Tool-Aware Optimization with Entropy Guidance for Efficient Agentic Reinforcement Learning
2026-06-02 • Machine Learning
Machine LearningArtificial Intelligence
AI summaryⓘ
The authors address the problem that using external tools with large language models can make training unstable, either because the model relies too much on tools or uses them too little. They propose TAO-RL, which cleans up the training data by removing unhelpful examples and encourages the model to try different approaches when using tools by adding a special bonus during learning. This combination helps the model learn better ways to use tools when reasoning through complex problems. Their method was tested on several difficult tasks and showed clear improvements over previous approaches.

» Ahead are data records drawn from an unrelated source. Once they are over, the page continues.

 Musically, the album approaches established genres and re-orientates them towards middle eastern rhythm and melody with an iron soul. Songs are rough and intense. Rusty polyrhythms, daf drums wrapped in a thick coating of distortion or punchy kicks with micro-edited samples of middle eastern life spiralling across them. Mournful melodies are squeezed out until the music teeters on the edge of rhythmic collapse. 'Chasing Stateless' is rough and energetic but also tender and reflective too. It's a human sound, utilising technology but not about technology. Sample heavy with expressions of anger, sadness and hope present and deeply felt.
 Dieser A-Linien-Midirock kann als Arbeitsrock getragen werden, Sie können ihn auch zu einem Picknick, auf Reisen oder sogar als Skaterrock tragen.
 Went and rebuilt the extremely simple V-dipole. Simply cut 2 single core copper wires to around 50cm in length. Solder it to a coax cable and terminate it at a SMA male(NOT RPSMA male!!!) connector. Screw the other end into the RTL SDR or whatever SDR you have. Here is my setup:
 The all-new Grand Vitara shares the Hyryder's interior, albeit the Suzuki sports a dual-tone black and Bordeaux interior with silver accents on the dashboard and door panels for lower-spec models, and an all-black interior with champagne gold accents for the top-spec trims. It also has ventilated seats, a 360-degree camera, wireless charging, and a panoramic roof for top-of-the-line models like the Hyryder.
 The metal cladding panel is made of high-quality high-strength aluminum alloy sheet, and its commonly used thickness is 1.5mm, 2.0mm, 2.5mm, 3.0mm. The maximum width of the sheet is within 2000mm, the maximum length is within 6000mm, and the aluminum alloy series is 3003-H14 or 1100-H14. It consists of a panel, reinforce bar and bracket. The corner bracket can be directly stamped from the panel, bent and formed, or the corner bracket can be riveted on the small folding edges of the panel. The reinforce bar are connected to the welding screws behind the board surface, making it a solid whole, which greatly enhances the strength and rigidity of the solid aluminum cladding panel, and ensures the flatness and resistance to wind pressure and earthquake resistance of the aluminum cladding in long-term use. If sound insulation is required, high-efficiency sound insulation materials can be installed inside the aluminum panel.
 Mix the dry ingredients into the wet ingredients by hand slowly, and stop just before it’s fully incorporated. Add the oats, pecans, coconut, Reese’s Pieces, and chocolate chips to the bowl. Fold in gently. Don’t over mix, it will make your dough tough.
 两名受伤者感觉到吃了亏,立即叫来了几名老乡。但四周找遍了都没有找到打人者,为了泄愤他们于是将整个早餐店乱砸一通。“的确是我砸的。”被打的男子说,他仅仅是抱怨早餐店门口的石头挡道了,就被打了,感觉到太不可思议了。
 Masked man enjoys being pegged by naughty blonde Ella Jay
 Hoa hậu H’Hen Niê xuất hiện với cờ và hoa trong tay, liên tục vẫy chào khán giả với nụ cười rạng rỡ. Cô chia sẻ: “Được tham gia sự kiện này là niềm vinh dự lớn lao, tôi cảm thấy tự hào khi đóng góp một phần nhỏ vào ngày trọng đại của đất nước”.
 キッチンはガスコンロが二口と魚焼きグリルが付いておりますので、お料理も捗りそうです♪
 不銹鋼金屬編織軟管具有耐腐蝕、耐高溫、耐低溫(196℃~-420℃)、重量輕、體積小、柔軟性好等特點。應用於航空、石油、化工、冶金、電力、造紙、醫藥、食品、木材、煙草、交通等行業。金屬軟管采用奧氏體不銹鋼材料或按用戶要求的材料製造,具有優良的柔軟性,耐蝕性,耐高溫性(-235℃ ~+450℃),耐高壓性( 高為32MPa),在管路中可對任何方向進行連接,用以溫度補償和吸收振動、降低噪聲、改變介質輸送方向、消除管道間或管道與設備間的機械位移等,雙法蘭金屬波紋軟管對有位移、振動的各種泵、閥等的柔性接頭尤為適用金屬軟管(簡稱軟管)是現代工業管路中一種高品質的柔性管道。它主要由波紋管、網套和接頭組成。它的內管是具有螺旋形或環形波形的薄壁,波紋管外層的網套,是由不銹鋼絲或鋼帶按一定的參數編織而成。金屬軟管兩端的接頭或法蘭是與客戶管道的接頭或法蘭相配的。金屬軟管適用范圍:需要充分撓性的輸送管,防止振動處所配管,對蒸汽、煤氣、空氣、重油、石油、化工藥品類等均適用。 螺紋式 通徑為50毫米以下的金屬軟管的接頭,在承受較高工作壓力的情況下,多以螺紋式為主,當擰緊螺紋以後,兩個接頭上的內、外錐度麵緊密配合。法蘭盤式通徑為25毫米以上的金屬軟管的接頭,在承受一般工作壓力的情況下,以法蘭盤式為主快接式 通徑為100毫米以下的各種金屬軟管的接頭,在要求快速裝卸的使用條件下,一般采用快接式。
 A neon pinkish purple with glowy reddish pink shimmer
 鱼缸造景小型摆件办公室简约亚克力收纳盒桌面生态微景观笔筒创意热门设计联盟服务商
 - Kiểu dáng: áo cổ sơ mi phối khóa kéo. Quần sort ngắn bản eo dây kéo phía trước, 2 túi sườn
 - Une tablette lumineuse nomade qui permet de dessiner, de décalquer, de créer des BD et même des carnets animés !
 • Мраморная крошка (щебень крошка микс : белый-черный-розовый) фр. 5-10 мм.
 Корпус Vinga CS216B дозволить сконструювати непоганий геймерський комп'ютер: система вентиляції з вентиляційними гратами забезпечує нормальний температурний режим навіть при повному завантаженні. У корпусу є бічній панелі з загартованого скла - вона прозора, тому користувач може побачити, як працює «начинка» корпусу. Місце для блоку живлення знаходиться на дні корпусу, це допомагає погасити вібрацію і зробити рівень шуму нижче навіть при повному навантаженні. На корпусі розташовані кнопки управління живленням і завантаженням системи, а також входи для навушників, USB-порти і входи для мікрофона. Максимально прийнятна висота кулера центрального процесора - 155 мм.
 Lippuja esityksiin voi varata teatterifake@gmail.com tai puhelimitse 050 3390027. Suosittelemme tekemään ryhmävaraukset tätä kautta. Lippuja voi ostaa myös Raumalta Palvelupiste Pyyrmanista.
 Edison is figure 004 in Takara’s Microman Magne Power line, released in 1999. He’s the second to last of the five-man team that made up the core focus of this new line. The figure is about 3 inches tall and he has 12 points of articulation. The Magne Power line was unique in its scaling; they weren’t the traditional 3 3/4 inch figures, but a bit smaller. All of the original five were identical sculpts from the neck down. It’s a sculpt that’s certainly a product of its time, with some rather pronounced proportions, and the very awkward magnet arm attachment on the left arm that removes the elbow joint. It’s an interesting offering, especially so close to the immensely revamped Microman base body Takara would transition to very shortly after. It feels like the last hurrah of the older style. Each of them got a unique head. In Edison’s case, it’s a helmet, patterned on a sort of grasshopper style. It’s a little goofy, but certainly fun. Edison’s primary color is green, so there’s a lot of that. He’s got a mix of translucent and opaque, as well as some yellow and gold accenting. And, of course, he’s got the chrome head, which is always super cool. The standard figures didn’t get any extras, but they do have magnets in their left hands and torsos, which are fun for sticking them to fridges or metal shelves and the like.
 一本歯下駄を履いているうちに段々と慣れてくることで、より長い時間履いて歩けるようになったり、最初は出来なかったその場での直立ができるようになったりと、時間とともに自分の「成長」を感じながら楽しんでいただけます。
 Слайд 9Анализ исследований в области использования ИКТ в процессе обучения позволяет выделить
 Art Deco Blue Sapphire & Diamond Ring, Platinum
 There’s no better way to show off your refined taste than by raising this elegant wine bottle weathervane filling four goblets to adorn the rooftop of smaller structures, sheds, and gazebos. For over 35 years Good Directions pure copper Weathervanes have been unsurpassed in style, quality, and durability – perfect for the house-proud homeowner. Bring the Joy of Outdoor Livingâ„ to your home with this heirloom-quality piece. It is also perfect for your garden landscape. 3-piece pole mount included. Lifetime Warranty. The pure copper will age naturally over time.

reinforcement learninglarge language modelstool usetrajectory filteringentropy-guided explorationpolicy optimizationadvantage functioninput distribution shiftreasoning benchmarks
Authors
Hongye Cao, Nuo Yan, Haoyuan Deng, Ziwei Wang, Tianpei Yang, Jing Huo, Yuyao Zhang, Yang Gao
Abstract
Agentic reinforcement learning (RL) equips large language models (LLMs) with tool-use capabilities that substantially improve reasoning on complex tasks. However, integrating external tools often destabilizes training: over-reliance on tools can induce input distribution shift, while overly conservative tool use limits effective exploration. To address this issue, we propose a unified framework TAO-RL that couples tool-aware trajectory filtering with entropy-guided exploration for efficient policy optimization. Specifically, at the data level, TAO-RL filters rollout trajectories along two criteria: discarding those where all tool invocations fail to execute, and removing those where all rollouts are either correct or incorrect, as both cases yield degenerate advantage estimates that contribute no discriminative learning signal. This joint filtering retains data that are both tool-capable and informative, establishing a high-quality training distribution. At the algorithmic level, we introduce a tool-aware entropy-guided bonus that reshapes the advantage function at post-tool-call tokens, encouraging the policy to explore more diverse reasoning paths at critical decision points. These two components are mutually reinforcing: trajectory filtering establishes a clean and informative training foundation, while entropy-guided exploration drives stronger reasoning behaviors at critical tool-interaction junctures. Extensive experiments on 7 challenging reasoning benchmarks across 3 model scales demonstrate the superiority of TAO-RL over existing methods.